Filesatu.co.id, Blitar | Pemerintah Kabupaten Blitar melalui Dinas Sosial (Dinsos) resmi memulai penyaluran Bantuan Langsung Tunai (BLT) Dana Bagi Hasil Cukai Hasil Tembakau (DBHCHT) tahap pertama mulai tanggal 1 Juli 2025. Program ini ditujukan bagi pekerja sektor tembakau, termasuk buruh pabrik rokok, buruh tani tembakau, dan buruh tani cengkeh.
Penyaluran bertujuan memberikan dukungan langsung kepada warga ber-KTP Kabupaten Blitar yang bekerja di pabrik rokok maupun di kebun tembakau dan cengkeh, termasuk pekerja di dua perusahaan rokok besar yang berada di wilayah Kota Blitar.
Menurut Kepala Bidang Perlindungan dan Jaminan Sosial Dinsos Kabupaten Blitar, Yuni Urinawati, S.Sos., MM., total penerima program BLT DBHCHT tercantum dalam Surat Keputusan sebanyak 3.997 orang. Dari jumlah tersebut, sebanyak 3.901 orang telah melalui proses klarifikasi dan resmi siap menerima dana. Sedangkan 81 pekerja lainnya masih dalam tahap pembukaan rekening untuk pencairan bantuan, ungkapnya, Jumat (04/07/2025 ).
Yuni menjelaskan bahwa, Penyaluran dana BLT tahap pertama diperkirakan akan tersalurkan secara penuh dalam beberapa hari ke depan, dengan harapan dapat meringankan beban para pekerja sektor tembakau di tengah tantangan ekonomi saat ini.
“Saat ini penyaluran tahap pertama sudah berjalan sejak 1 Juli, dan sisanya akan kami cairkan pada minggu depan.

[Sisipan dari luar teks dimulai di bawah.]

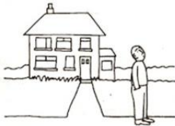
LOITERING NEAR THE VICARAGE

Penyaluran dana dilakukan melalui Bank Jatim guna memastikan proses distribusi berlangsung secara transparan dan tepat sasaran. BLT sebesar Rp300 ribu per bulan, akan diberikan selama enam bulan,” jelas Yuni.
Selain itu, program ini juga dirancang untuk memperkuat kolaborasi antara pemerintah, pelaku industri, dan lembaga keuangan mikro. Melalui pelatihan manajemen usaha, akses pembiayaan bersubsidi, dan pendampingan terus-menerus.
“Para pelaku usaha kecil di sektor tembakau diharapkan mampu meningkatkan produktivitas, memperluas pangsa pasar, dan menjalankan usaha dengan prinsip keberlanjutan,” tandas Yuni.
Dinas Sosial akan mengawasi ketat distribusi BLT tersebut, agar tepat sasaran, salah satunya dengan menggunakan data e-KTP serta basis data UMKM lokal. Evaluasi berkala juga akan dilakukan untuk mengukur dampak sosial-ekonomi dari program ini, sekaligus mengevaluasi efektivitas program untuk ditindaklanjuti pada tahap selanjutnya.
“Diharapkan sektor pertembakauan di Kabupaten Blitar tidak hanya survive, melainkan tumbuh menjadi penggerak ekonomi lokal yang berkelanjutan,” imbuh Yuni
Dinas Sosial sangat berharap, program bantuan ini mendorong lahirnya sentra-sentra produksi yang berbasis kearifan lokal, seperti kerajinan tangan berbahan baku tembakau, maupun wisata edukasi terkait proses budidaya dan pengolahan tembakau.
“Dengan demikian, beban ekonomi para petani dan buruh di sektor pertembakauan tidak hanya bergantung pada hasil panen, tetapi juga mendapat tambahan sumber pendapatan dari nilai tambah kreatif,” pungkas Yuni.(Pram/Adv/Kmf).